To complain to someone with a MOOD DISORDER about BEING MOODY just seems like the height of arrogance, idiocy, ignorance, and plain being a jerk.

If he can’t see past my disorder and recognize I have a lot of good qualities…

Then I don’t feel the need to give him said consideration.

Sometimes, I just want to whack him upside the head (like Gibbs does to DiNozo on NCIS) and tell him what a douche he is about my mood disorder versus how he views his own alcoholism as not being a problem.

But it wouldn’t do any good. I have about given up on the human race.

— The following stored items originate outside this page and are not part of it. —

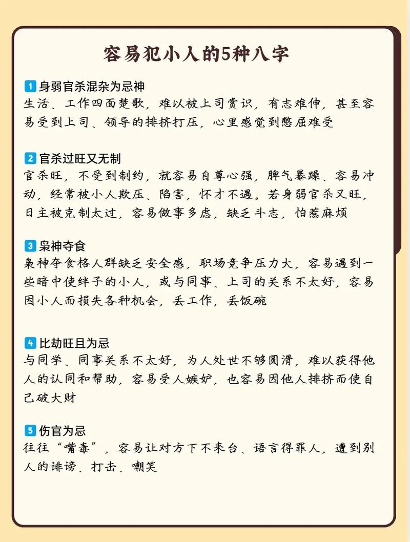 生活中,我们常听人说“最近犯小人”,明明没招惹谁,却总被背后议论、使绊子,甚至好事被搅黄,这到底是巧合,还是和我们的生辰八字有关?其实在传统命理中,“犯小人”并非玄学诅咒,而是某些命格或运势下容易吸引是非的规律,今天就用大白话聊聊,哪些八字特征容易招小人,又该如何化解。
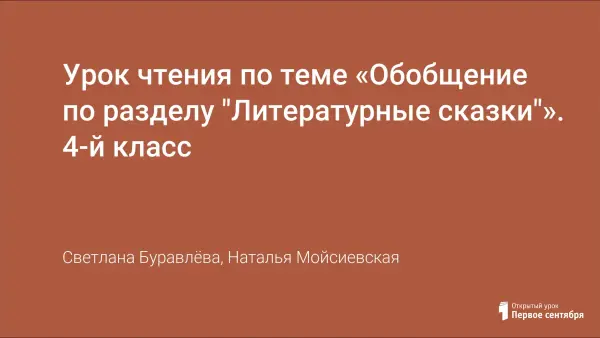 Урок чтения по теме «Обобщение по разделу "Литературные сказки"». 4-й класс
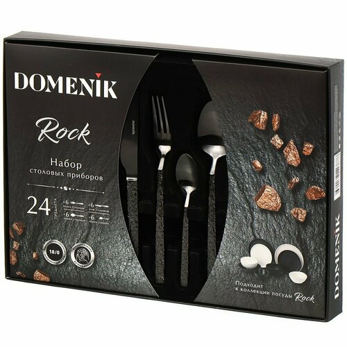 Набор столовых приборов нерж сталь, 24 пр, Rock Black, Domenik, DMC035
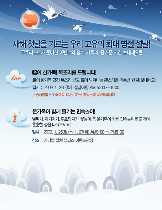 무주리조트가 준비한 설날 이벤트!2009-01-23 확인 다음글국내 유일! 4대 명산 덕유산 국립공원의 아름다운 설경을 감상할 수 있는 대자연의 스키장! 이전글무주제왕전 이벤트 2회차 당첨자 발표 목록

It’s just him, though. I don’t know why I let him get to me. Maybe I still feel like doing penance because of all the years I was misdiagnosed and the wrong meds made me worse and I remember what a terror I was.

No one makes me feel the way he does. Except for the donor, of course, and even that has pretty much become nil. He’s not worth my fucking time or energy. His actions proved me right to the nth degree.

With R…I am never sure if it’s reality and he is a manipulative user or if I am just psychotic.

I wish I knew.

And that is the worst part about this mood stuff.

The perpetual states of distorted thought that make you unable to trust your own mind. I can handle mood swings, panic attacks, manic episodes…But not being able to trust my own judgment is unbearable.